Of course, the bigger question in the purge of US attorneys is, why only eight? Presumably, if this relative handful of prosecutors was selected for firing, it is because the other 85 were doing the job that the Bush administration demanded—using the Justice Department as a kind of political police, dedicated to punishing the perceived enemies of the White House and protecting its friends.

Of equal significance is the administration’s invocation of a provision in the USA Patriot Act, passed and reauthorized with overwhelming bipartisan support, granting it power to fire and replace US attorneys with “interim” prosecutors for an indefinite period, without Senate approval. The provision, supposedly designed as part of the “war on terror,” was introduced entirely as a means of arrogating unfettered power by the administration.

Among the emails released to the Senate panel was another from Gonzales’s chief of staff to then-White House counsel Miers “strongly recommend[ing]” use of the Patriot Act provision. “If we don’t ever exercise it, then what’s the point of having it?” he wrote.

Leading Senate Democrats have seized on the revelations over the firings and Gonzales’s role to issue demands for his resignation and to denounce the administration. These same politicians, it should be recalled, took the deliberate decision two years ago to not block his nomination as attorney general with a filibuster. This was despite the fact that, as White House counsel, Gonzales had directed the issuance of legal memos justifying the use of torture and the tossing out of the Geneva Convention in dealing with prisoners taken in the US “global war on terror.”

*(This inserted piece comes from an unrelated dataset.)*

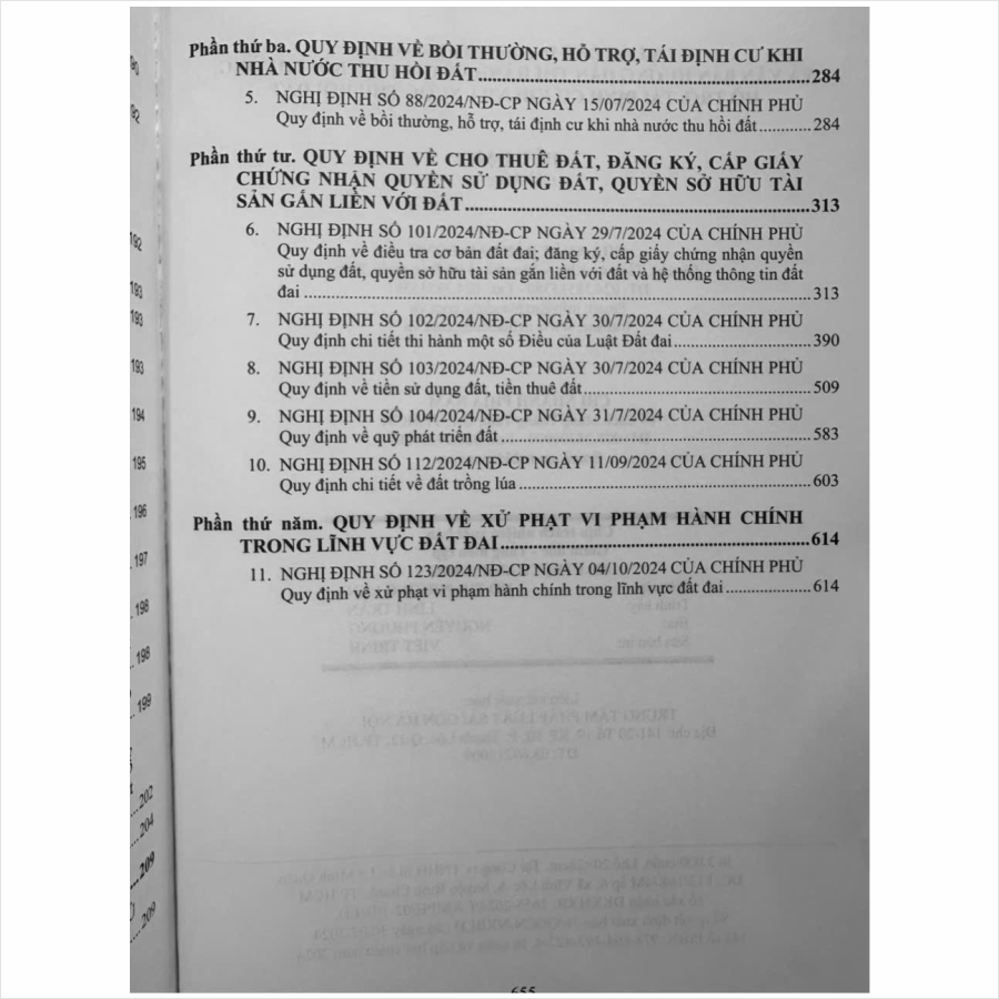 - Nghị định số 123/2024/NĐ-CP ngày 04/10/2024 Quy định về xử phạt vi phạm hành chính trong lĩnh vực đất đai Để giúp bạn đọc thuận tiện tra cứu, tham khảo Luật Đất đai, Luật sửa đổi, bổ sung một số điều của Luật Đất đai số 31/2024/QH15, và các nghị định hướng dẫn thi hành mới nhất, Nhà sách Nam Việt xin trân trọng giới thiệu cuốn sách: Luật Đất Đai (sửa đổi, bổ sung 2024) – Và Các Văn Bản Hướng Dẫn Thi Hành Về Giá Đất, Bồi Thường, Hỗ Trợ, Tái Định Cư Khi Nhà Nước Thu Hồi Đất …//… Nội dung cuốn sách gồm các phần chính sau: Phần thứ nhất. LUẬT ĐẤT ĐAI 2024 Phần thứ hai. QUY ĐỊNH MỚI VỀ GIÁ ĐẤT Phần thứ ba. QUY ĐỊNH VỀ BỒI THƯỜNG, HỖ TRỢ, TÁI ĐỊNH CƯ KHI NHÀ NƯỚC THU HỒI ĐẤT Phần thứ tư. QUY ĐỊNH VỀ CHO THUÊ ĐẤT, ĐĂNG KÝ, CẤP GIẤY CHỨNG NHẬN QUYỀN SỬ DỤNG ĐẤT, QUYỀN SỞ HỮU TÀI SẢN GẮN LIỀN VỚI ĐẤT *** Quý khách hàng hãy an tâm khi mua sách tại Nhà sách Nam Việt, cam kết uy tín, chất lượng, sách bản gốc chuẩn đẹp, được kiểm hàng, hài lòng mới thanh toán, sách đã được bọc plastic cao cấp miễn phí! …//… Cảm ơn các bạn đã ghé thăm shop Nhà sách Nam Việt ! Sách Luật Đất Đai (sửa đổi, bổ sung 2024) – Và Các Văn Bản Hướng Dẫn Thi Hành Về Giá Đất, Bồi Thường, Hỗ Trợ, Tái Định Cư Khi Nhà Nước Thu Hồi Đất Sách Luật Đất Đai (sửa đổi, bổ sung 2024) – Và Các Văn Bản Hướng Dẫn Thi Hành Về Giá Đất, Bồi Thường, Hỗ Trợ, Tái Định Cư Khi Nhà Nước Thu Hồi Đất

To some extent, congressional Democrats have welcomed the chance to pillory Gonzales now as a means of diverting attention from the party’s open complicity with the Bush administration on the Iraq war.

What Gonzales’s Democratic critics fail to explain, however, is that the criminality exposed in the purge at the Justice Department and the criminality of the war itself are of a piece. They are both manifestations of an administration and a political establishment committed to the use of extra-constitutional powers, government secrecy and outright political repression and violence to defend the interests of America’s ruling financial aristocracy both at home and abroad.